1925年3月10日(新宮鉄道の停留場として)

乗降客数

駅名のルーツ

 

【停車本数データ】 ※現在は廃止

1925年4月(新宮鉄道)

?往復(停留場)

1930年10月(新宮鉄道)

?往復(停留場)

1944年12月(紀勢西線)

下り6本、上り4本

1956年12月(紀勢西線)

?往復

1967年4月

?往復

 

【訪問記】(2016年10月)

紀勢本線に狗子ノ川という駅が1967年まで存在していたことを知った。路線は今も残っているのに駅だけ廃止されるという事態には妙に心惹かれるものがある。さっそくネットで情報収集を試みるも、廃止されてからかなり時間が経っていることもあり、どんな駅だったのか、なぜ廃止されたのかなど、詳細は何も分からなかった。

次に、私が持ちうる限りの古時刻表をひも解いてみる。1925年の開業当初は巻頭のさくいん地図には載っているものの本文中には載っていない。戦時中はさくいん地図にも本文中にも記載があり、停車する列車も確認できた。このころは紀伊勝浦−新宮間の区間列車のみ停車していたようで、別の文献では狗子ノ川駅は「串本新宮間各停車場に発着する旅客に限り取扱を為す」とある。戦後になると、さくいん地図には載っているものの本文中には載っていない状態に戻り、廃止直前になるとさくいん地図からも消えている。かように取り扱いに一貫性がないのは、もともとかなりローカルな輸送のみを取り扱う小駅として開業し、戦時中までは細々とながら営業していたものの、戦後は利用者がいなくなって全列車が通過するようになり、廃止直前になって時刻表から完全に削除され、1967年10月1日になってようやく正式に廃止された、ということなのだろうか。あるいは、北海道に多く存在した仮乗降場の扱いに似ている気もする。真相はよく分からない。

続いて、古時刻表の「那智駅から1.6km」という情報から、現在の地形図で大体の場所の見当をつける。その辺りの昔の空中写真を見てみると、非常に不鮮明ながら、何かしら駅のようなものが写っているようにも見える。・・・が、不鮮明で正直よく分からない。とにかく、現地に行ってみようと思う。

訪問プランを考える。駅跡のすぐ目の前を走る国道42号線には、紀伊勝浦駅と新宮駅を結ぶ熊野交通バスが走っているが、調べた限り、駅跡の近くにバス停はなく、那智駅から歩くしかないことが分かった。JRで紀伊勝浦駅に到着後、バスに乗り、那智駅前バス停で降りて、国道を1.6km歩くことにした。

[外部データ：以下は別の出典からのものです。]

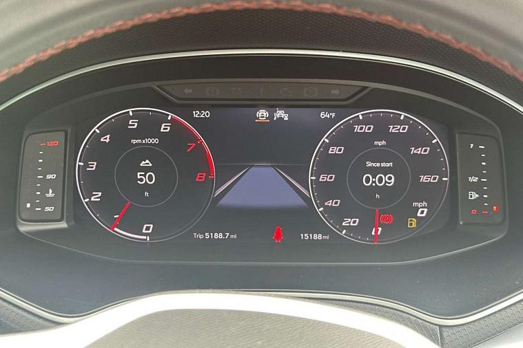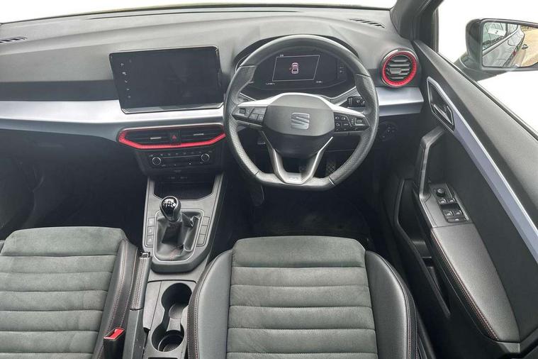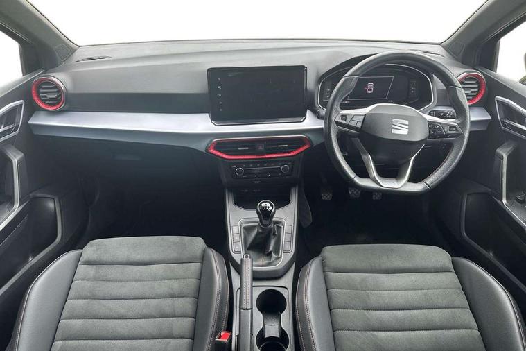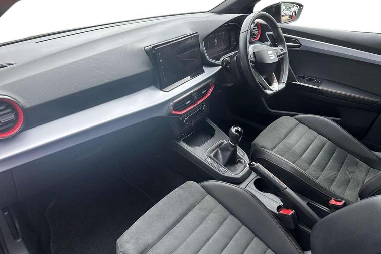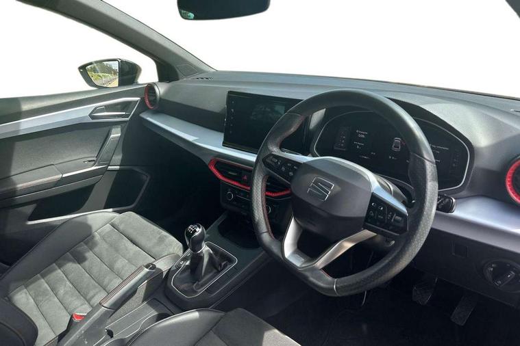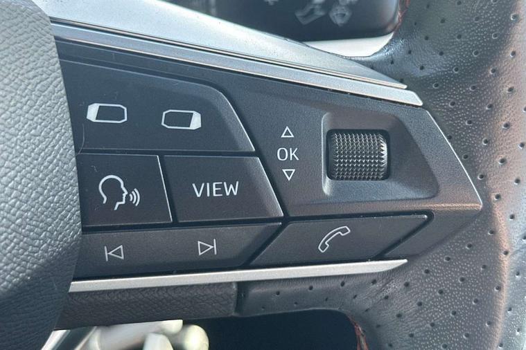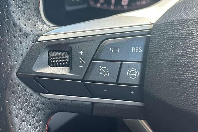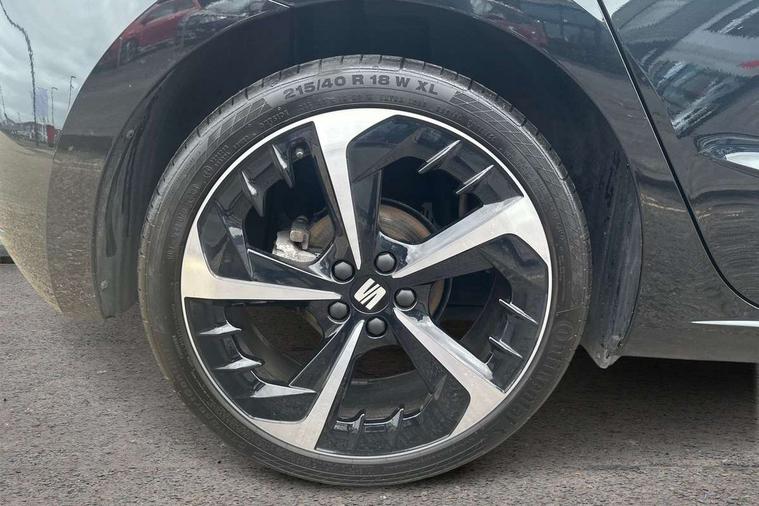 'Lights On' Reminder warning buzzer, 10" Digital cockpit, 9.2" touchscreen navigation system with type C USB socket, Voice control and DAB/AM/FM radio, Auto start and stop system, Bluetooth audio streaming with handsfree system, Digital clock, E-call, Full link smartphone integration with mirror link, wireless apple carplay, Google android auto + USB Type C cable for apple and android devices, Lane assist, Low fuel warning light, Outside temperature gauge, Power Steering, Seat connect with safety, service, remote and online, SEAT drive profiles and ECO function, SEAT logo boot release, Speed limiter, Trip computer, Sports suspension, Auxiliary input socket, Radio/MP3 player, SD card slot, Steering wheel mounted controls, Anti theft roof antenna, Auto dimming rear view mirror, Automatic rain sensing wipers, Black door mirrors, Body colour bumpers, Body colour door handles, Brilliant black window surrounds, Dark tinted rear windows, Electric adjustable/heated/folding door mirrors, Electric front windows, Electric headlight adjustment, Electric rear windows, Front/rear fog lights, FULL LED automatic headlights with dynamic headlight range control, coming and leaving home, LED daytime running lights, LED tail lights, Rear roof spoiler with FR twin exhausts, Rear side wing doors, Rear wiper, Third brake light, 3 seat bench in 2nd row, 60/40 split folding rear seat, Ambient interior lighting, Chrome detailing and black headlining, Comfort seats, Dual zone climate control with combination filter, Front courtesy lights, Front cupholders x 2, Front reading lights, Gear shift indicator, Glovebox, Height adjustable front and rear headrests (five), Height adjustable front seats, Height/reach adjust steering wheel, Illuminated air vent surrounds, Illuminated boot, Instrument lighting with brightness control, Isofix, Leather multifunction flat bottomed sports steering wheel, Microsuede cloth upholstery, Passenger sunvisor, Single front passenger seat, Storage pockets on back of front seats, Sunvisors with mirror and driver side card holder, 3 point seatbelts on all 3 rear seats, ABS, Active front headrests, Child locks on rear doors, Electronic stability control, Energy recovery system, Front assist forward collision warning and autonomous emergency braking, Front driver and passenger side airbags with curtain airbag and front passenger airbag deactivation, Hill hold control, Multi-Collision braking, Seat belt reminder for front and rear seats, Tiredness recognition system, Tyre pressure monitoring system, Electronic engine immobiliser, Locking wheel bolts, Perimeter alarm and interior monitoring with backup horn and tow away protection, Remote central locking + deadlocks, 18" Performance machined alloy wheels in black and grey,

プランを実行に移す日となり、交通量が意外に多い割に歩道のない国道をヒヤヒヤしながら歩いて、ついに駅跡と思われる場所に到着した。・・・と、駅跡の目の前の国道にバス停があるのを発見した。「狗子ノ川」バス停とある。なんと、こんな目の前にバス停があったとは。しかも便数もかなり多い。現代のような高度情報化社会でも手に入りにくい情報というのはあるようだ。

気を取り直し、周囲を探索する。・・・が、何も見つからない。線路沿いも完全に雑草に覆われ、何も見つかりそうにない。季節が悪いという面もあるが、さすがに50年も前に廃止された駅など、何も痕跡をとどめていないようだ。収穫は何もないが、何もないことを確認しに来たのだと思うことにする。

諦めて、帰路に就く。帰りはもちろん「狗子ノ川」バス停からバスに乗った。